# Which Fluorescent is good for planted tank?



## stanleychin (Apr 8, 2005)

Hi,

Which Fluorescent is good for planted tank?
1, Hagen Aqua~Glo Fluorescent
2, Hagen Sun~Glo Fluorescent 
3, Hagen Flora~Glo Fluorescent 
4, Hagen Power~Glo Fluorescent 
5, Hagen Life~Glo Fluorescent 

Now i've got a Hagen Power Glo Fluorescent in the tank.

Thanks


----------



## gnome (Jan 27, 2004)

stanleychin said:


> Now i've got a Hagen Power Glo Fluorescent in the tank.


Have you experienced any major algae problems with this bulb? I did... The dang thing is has a K-rating of 18,000! It's mainly for saltwater set-ups, I believe. I'm not too keen on any of the Hagen bulbs. Have you considered the GE 9325K ones? Never tried them myself, but I've heard only good things about them. Also, All-Glass has a new line of 8000K replacement bulbs, which seem to put out good color and give good results. If these are too pricey, maybe ZooMed's Flora-Sun bulbs would be good. I've heard good things about that one, too.

Oops - I almost forgot... Of the ones you listed, I know I've read something good about Life-Glo. Go with that one if you're limited to the bulbs you listed.

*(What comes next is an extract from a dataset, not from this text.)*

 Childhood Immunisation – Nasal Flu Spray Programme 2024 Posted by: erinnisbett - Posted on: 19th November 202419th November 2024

From my own experience, DON'T get a Power-Glo [again].

-Naomi


----------



## freshreef (May 14, 2004)

imo all of the above bulbs are good for the planted tank even the 18000K
i had good results with power glo and life glo in my planted tank in the era of T8 - now using simple t5's - cant compare any T8 to them! even the most expensive one-life glo. T5 is the new generation of aquarium bulbs .

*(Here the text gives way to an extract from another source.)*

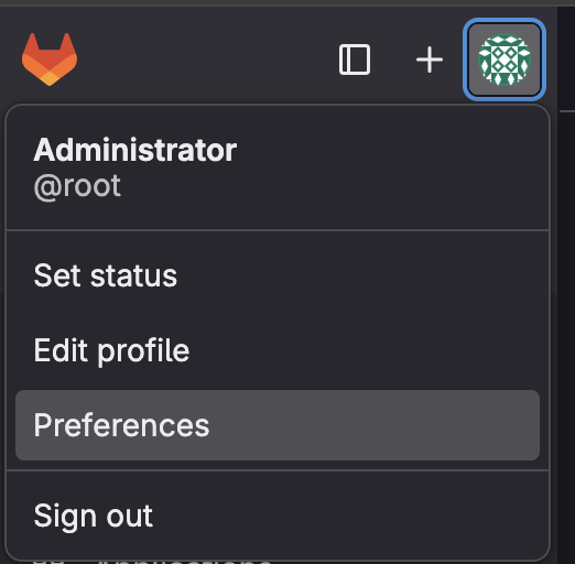 깃랩에 로그인 후, 좌측 상단 프로필 클릭, Preferences 이동

the flora glo is a gro-lux bulb so i guess it would give nice colors and good growth too


----------



## Bavarian3 (Oct 21, 2004)

i use coralife trichromatics. I like them alot, not too yellow, but full spectrum 6500k's. 
I have used GE's and FloraSun bulbs and i did not like either one. Way too red/pink for my taste.


----------